2. The field emission electron source according to claim 1 , wherein said buffer layer includes an amorphous layer.
3. The field emission electron source according to claim 1 , in which a plural number of said electron source elements are formed on the side of said surface of said insulative substrate, wherein
said insulative substrate includes a glass substrate allowing infrared rays to transmit therethrough, and
said buffer layer includes a portion of a film which is made of a material capable of absorbing infrared rays and formed to cover the whole area on the side of said surface of said insulative substrate before the formation of said strong-field drift layer.
4. The field emission electron source according to claim 3 , wherein said amorphous layer includes an amorphous silicon layer.

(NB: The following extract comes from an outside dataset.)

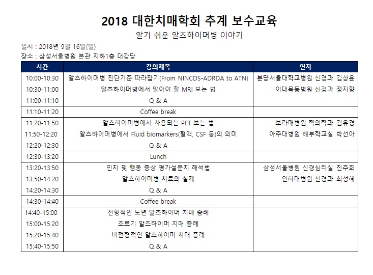 변화에 걸맞게 전임상 알츠하이머병(Preclinical Alzheimer’s Disease)부터 알츠하이머 치매(Alzheimer disease with Dementia)에 이르는 진단기준의 변화, 개발된 바이오마커를 이용한 진단법, 그리고 알츠하이머병의 실질적인 치료를 각 분야를 대표자들을 초빙한다.

5. The field emission electron source according to claim 3 , wherein said strong-field drift layer includes anodized porous polycrystalline silicon.
6. The field emission electron source according to claim 5 , wherein said strong-field drift layer includes a plurality of columnar semiconductor crystals each formed along the thickness direction of said lower electrode, and a number of nanometer-order semiconductor nanocrystals residing between said semiconductor crystals, each of said semiconductor nanocrystals having a surface formed with an insulating film which has a thickness less than the grain size of said semiconductor nanocrystal.
7. A method of producing the field emission electron source of claim 1 , comprising:
forming the lower electrode on the side of said surface of said insulative substrate, and then forming the buffer layer on said lower electrode before forming the strong-field drift layer.
8. A method of producing the field emission electron source of claim 6 , comprising:
forming the lower electrode on the side of said surface of said insulative substrate;
forming step of forming the buffer layer on the side of said surface of said insulative substrate after said lower-electrode forming step;
forming a polycrystalline semiconductor layer on the surface of said buffer layer;
nanocrystallizing at least a portion of said polycrystalline semiconductor layer through an anodizing process to form the semiconductor nanocrystals; and
forming the insulating film on the surface of each of said semiconductor nanocrystals.
9. The method according to claim 8 , wherein the forming of the polycrystalline semiconductor layer is performed after the forming of the buffer layer without exposing the surface of said buffer layer to the atmosphere.
10. The method according to claim 9 , in which a plasma CVD process is used as a film-forming process in forming the buffer layer and polycrystalline semiconductor layer wherein when the forming of the buffer layer is shifted to the forming the polycrystalline semiconductor layer, a discharge power for said plasma CVD process is changed from a first condition for forming the buffer layer to a second condition for forming the polycrystalline semiconductor layer.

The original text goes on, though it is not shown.